# [SUPPLIED DATA]

-.-.-

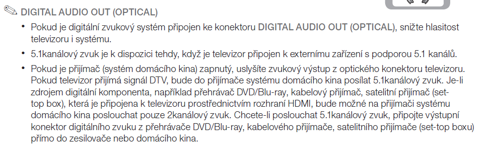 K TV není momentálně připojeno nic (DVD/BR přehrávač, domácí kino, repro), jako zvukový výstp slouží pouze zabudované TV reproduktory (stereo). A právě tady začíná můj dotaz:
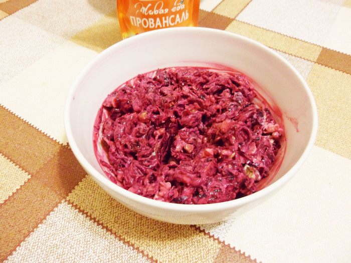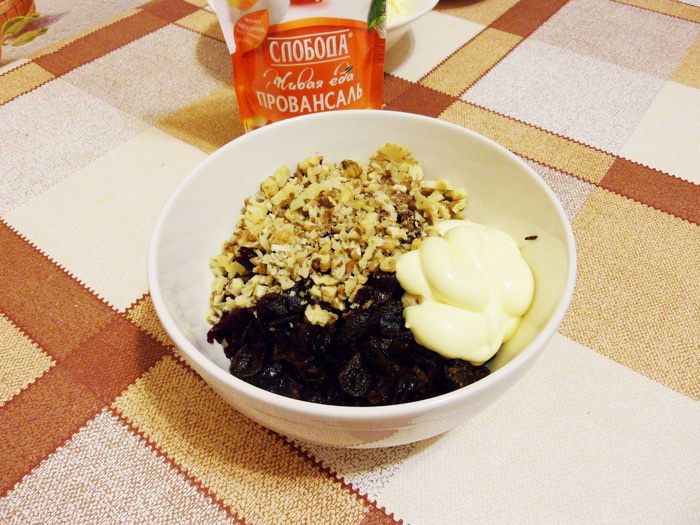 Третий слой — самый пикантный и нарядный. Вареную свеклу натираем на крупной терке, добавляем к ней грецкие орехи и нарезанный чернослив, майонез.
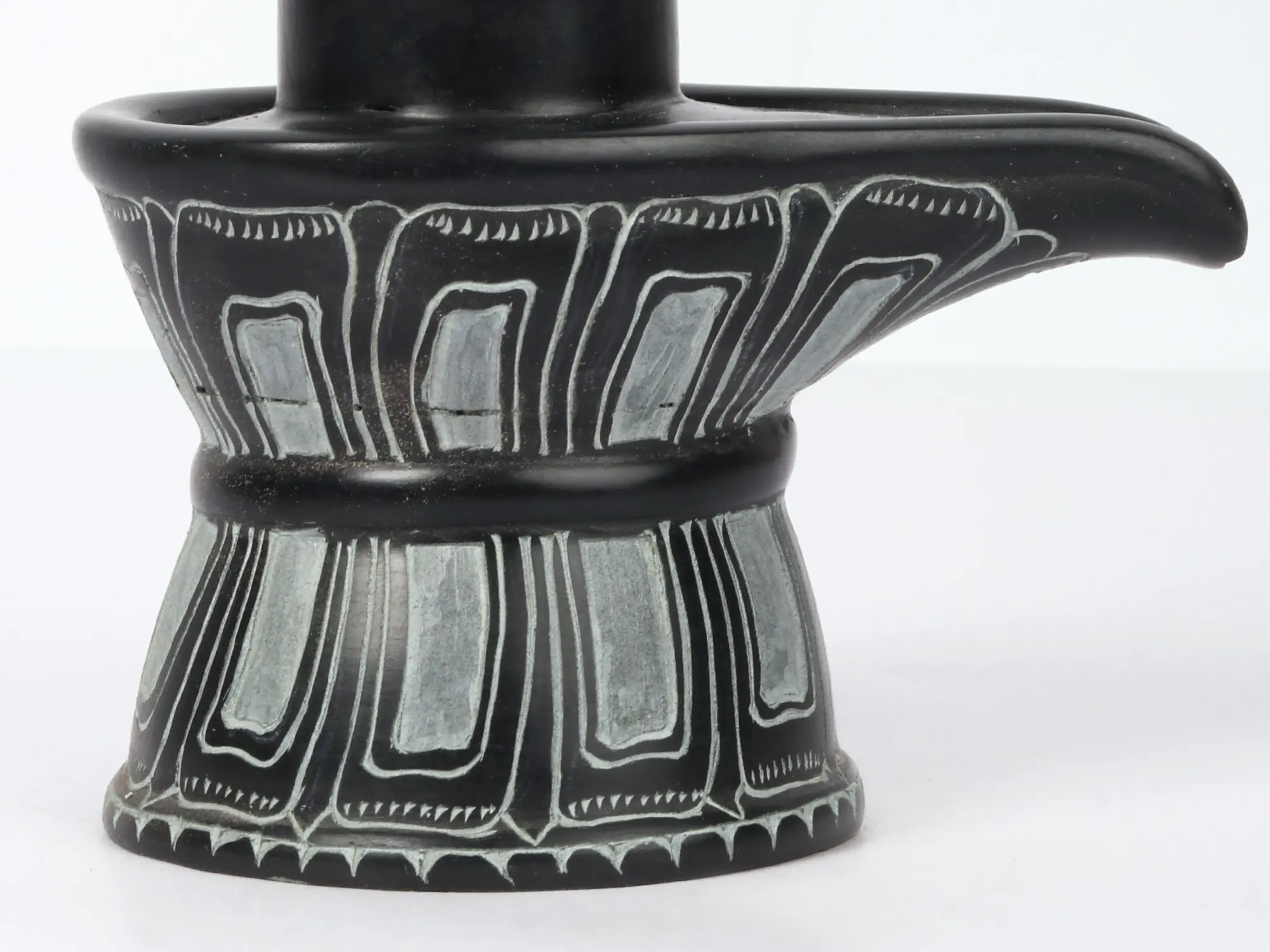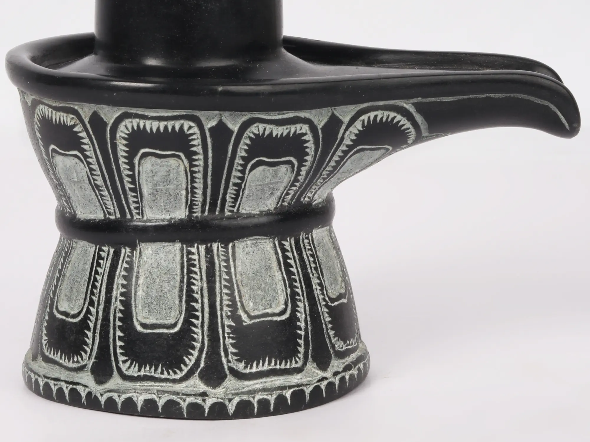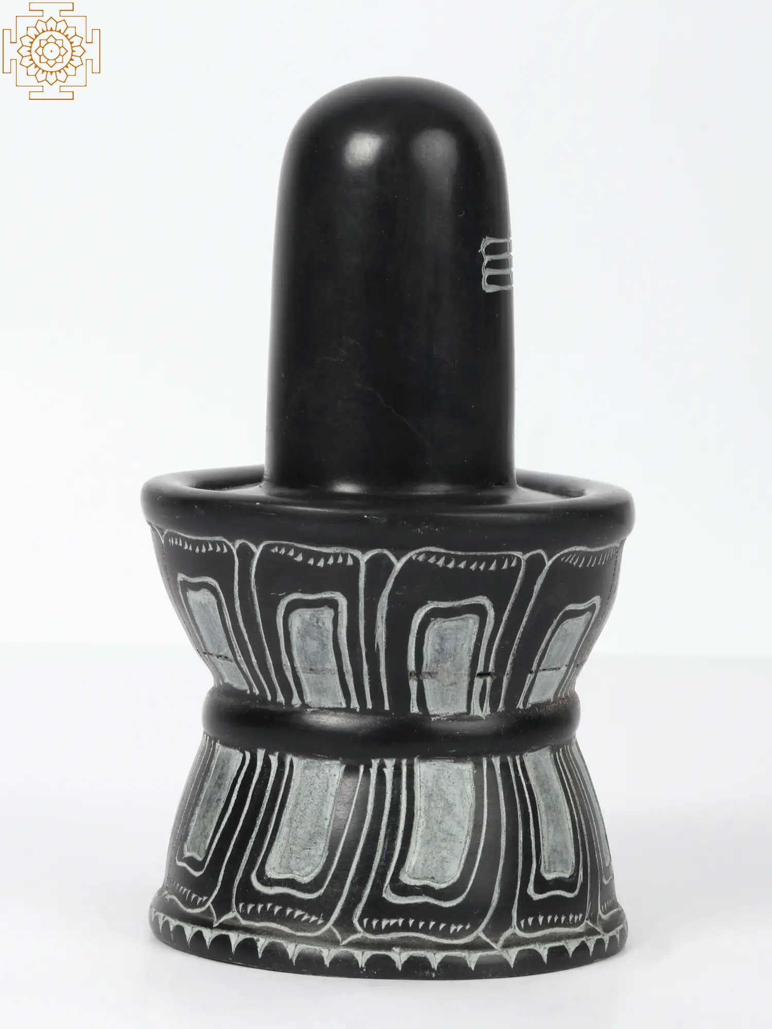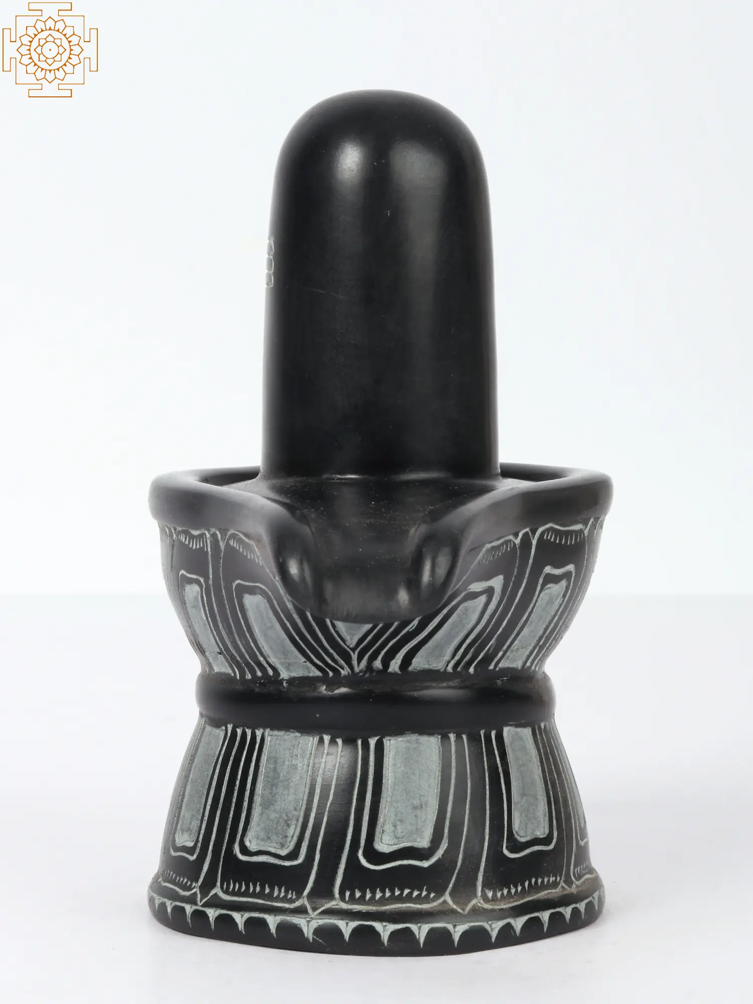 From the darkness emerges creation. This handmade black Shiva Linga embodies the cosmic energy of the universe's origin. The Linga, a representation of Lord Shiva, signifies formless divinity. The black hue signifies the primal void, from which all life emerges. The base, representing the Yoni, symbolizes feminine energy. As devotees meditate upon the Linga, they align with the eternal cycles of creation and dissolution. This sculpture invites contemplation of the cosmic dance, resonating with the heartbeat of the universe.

-.-.-

# [REQUIRED WORK]
The answer should match the data above word for word, with no pictures in it.

# [WRITTEN SOLUTION]
 K TV není momentálně připojeno nic (DVD/BR přehrávač, domácí kino, repro), jako zvukový výstp slouží pouze zabudované TV reproduktory (stereo). A právě tady začíná můj dotaz:
 Третий слой — самый пикантный и нарядный. Вареную свеклу натираем на крупной терке, добавляем к ней грецкие орехи и нарезанный чернослив, майонез.
 From the darkness emerges creation. This handmade black Shiva Linga embodies the cosmic energy of the universe's origin. The Linga, a representation of Lord Shiva, signifies formless divinity. The black hue signifies the primal void, from which all life emerges. The base, representing the Yoni, symbolizes feminine energy. As devotees meditate upon the Linga, they align with the eternal cycles of creation and dissolution. This sculpture invites contemplation of the cosmic dance, resonating with the heartbeat of the universe.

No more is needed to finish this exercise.